Worldwide, beer is one of the most popular alcoholic beverages. Lightly flavored lagers, which are especially well-liked, are produced through a cool fermentation process, converting the sugars in malted grains to alcohol and carbon dioxide. During commercial packaging, more carbonation can be added to get a desired level of fizziness. That’s why bottles and cans of beer hiss when opened and release micrometer-wide bubbles when poured into a mug. These bubbles are important sensory elements of beer tasting, similar to sparkling wines, because they transport flavor and scent compounds.

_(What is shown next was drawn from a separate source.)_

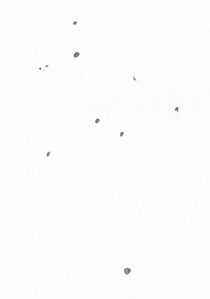 gut acht bis neun schwache Sterne, locker verteilt, sind erkennbar, drei davon etwas heller |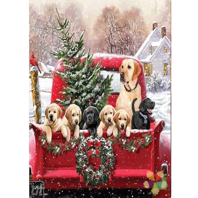 La Navidad es una temporada que celebra a la familia y el esíritu de la unión familiar, que incluye por supuesto a nuestros "peluditos"... Celebramos con ellos en este hermosísimo cuadro en el que traen a casa el arbolito navideño!

The carbonation also can tickle the drinker’s nose. Gérard Liger-Belair had previously determined that about 1 million bubbles form in a flute of champagne, but scientists don’t know the number created and released by beer before it’s flat. So, Liger-Belair and Clara Cilindre wanted to find out.

 

The researchers first measured the amount of carbon dioxide dissolved in a commercial lager just after pouring it into a tilted glass, such as a server would do to reduce its surface foam. Next, using this value and a standard tasting temperature of 42 F, they calculated that dissolved gas would spontaneously aggregate to form streams of bubbles wherever crevices and cavities in the glass were more than 1.4 µm-wide. Then, high-speed photographs showed that the bubbles grew in volume as they floated to the surface, capturing and transporting additional dissolved gas to the air above the drink. As the remaining gas concentration decreased, the bubbling would eventually cease. The researchers estimated there could be between 200,000 and 2 million bubbles released before a half-pint of lager would go flat. Surprisingly, defects in a glass will influence beer and champagne differently, with more bubbles forming in beer compared with champagne when larger imperfections are present, the researchers say.